I have a copy of 'A Significant Other' by Matt Rendell up for grabs.

It details the role of the domestique in the peleton.

I'll draw lots on Monday evening, so if you're interested throw your name in the hat!

Cheers
Maurice


----------



## Baggy (10 Jul 2010)

Pop my name in the hat please!


----------



## biggs682 (10 Jul 2010)

put me in the pot plese , many thanks


----------



## theloafer (10 Jul 2010)

hi can you add me in too ...thanks


----------



## PpPete (10 Jul 2010)

me too please


----------



## Telemark (10 Jul 2010)

and me please!

Thanks ...

T


----------



## Tynan (12 Jul 2010)

Telemark said:


> and me please!
> 
> Thanks ...
> 
> T



Tynan!

nearly finsihed the BReaking the Chain one and now with mucho train reading time, quivers lips and looks woeful


----------



## maurice (13 Jul 2010)

Tynan wins, fortunate with the late entry there!

PM me your details,

Cheers
Maurice


----------



## Tynan (13 Jul 2010)

yay

I've finshed the voets one so one in one out


----------



## Tynan (15 Aug 2010)

This is now available again, The Significant Other one

(other than a few bit of tdf riding stuff I found it a terrible read, very very padded with guff, I fliped through an awful lot of it)

old skool rools


----------



## longers (17 Aug 2010)

Tynan said:


> old skool rools



Please for the win?


----------



## Tynan (17 Aug 2010)

absolutely

address by Pm and it shall be so


----------



## longers (13 Sep 2010)

Thanks Tynan,

this is available again. First come, first served.


----------



## Noodley (13 Sep 2010)

please


----------



## Norry1 (13 Sep 2010)

I reckon this is worth a sticky thread or even a forum on its own.

I suggested the "Library" idea on a (motor)biking forum I used to frequent. People offered up books or DVDs and people who wanted to use them had to commit to posting them on to the next borrower. This would work well here as well.

Any Admin's / Mods about?

Martin


----------



## longers (13 Sep 2010)

Noodley said:


> please



Sure, let me know where to send it and I'll get it out to you at the w/e.


----------



## Noodley (22 Sep 2010)

Thanks longers, arrived today


----------



## Noodley (27 Sep 2010)

Available again, yes I know I read quickly!


----------



## MrRidley (27 Sep 2010)

Me please.


----------



## Noodley (27 Sep 2010)

jimbhoy said:


> Me please.




No problem, send me your details by PM and I'll get it sent off to you.


----------



## MrRidley (12 Oct 2010)

Up for grab's again, passed to me by Noodley, quite a good read.


----------



## Panter (12 Oct 2010)

Please


----------



## Noodley (12 Oct 2010)

jimbhoy said:


> Up for grab's again, passed to me by Noodley, quite a good read.

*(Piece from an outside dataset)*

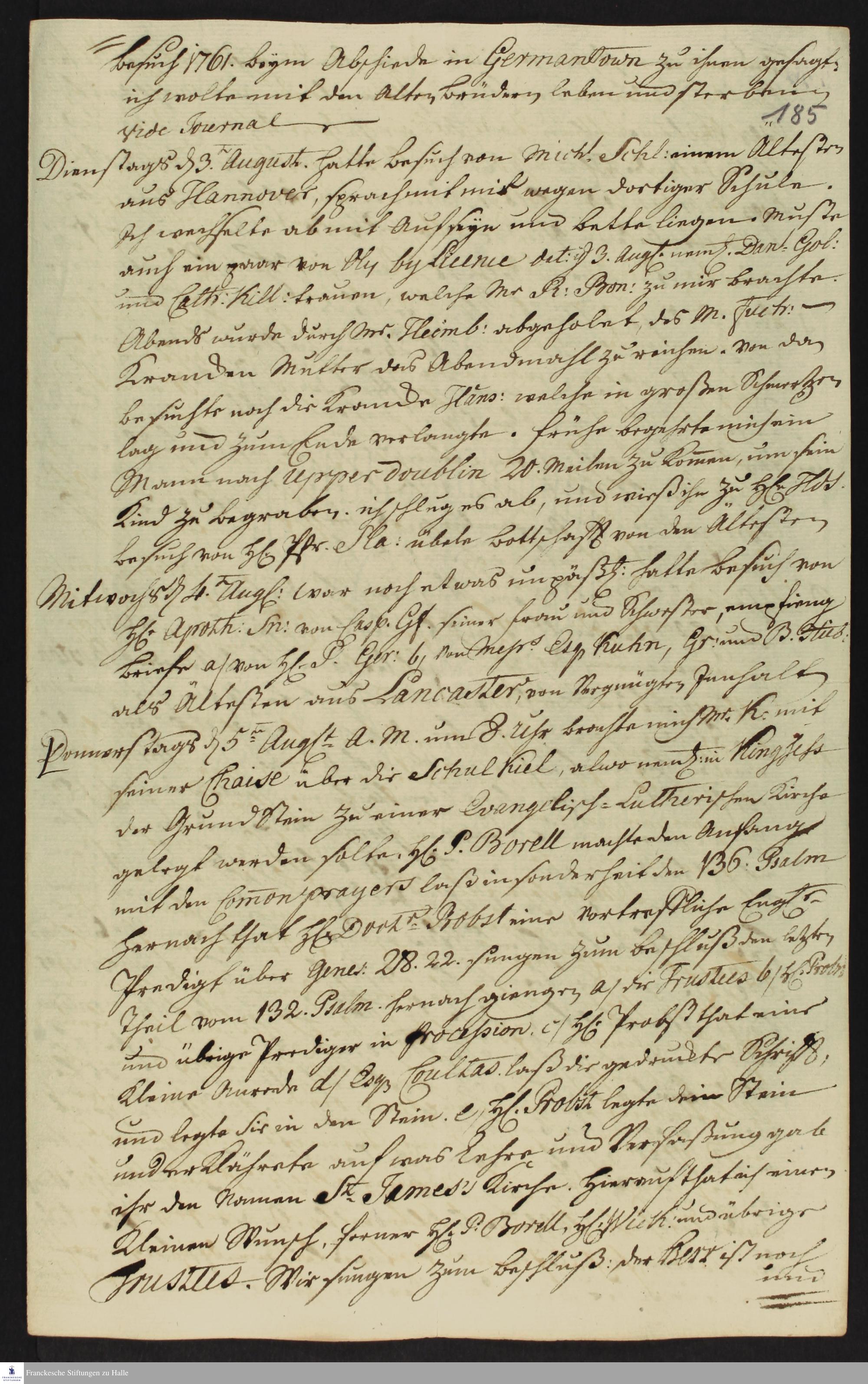 Auszug aus dem Tagebuch von Heinrich Melchior Mühlenberg.

Bloody hell jim, that was quick!


----------



## MrRidley (12 Oct 2010)

Noodley said:


> Bloody hell jim, that was quick!



Aye it's been a slow few days.


----------



## MrRidley (12 Oct 2010)

Panter said:


> Please



PM me your details and i'll get it in the post.


----------



## Panter (12 Oct 2010)

Thanks very much  

pm coming your way


----------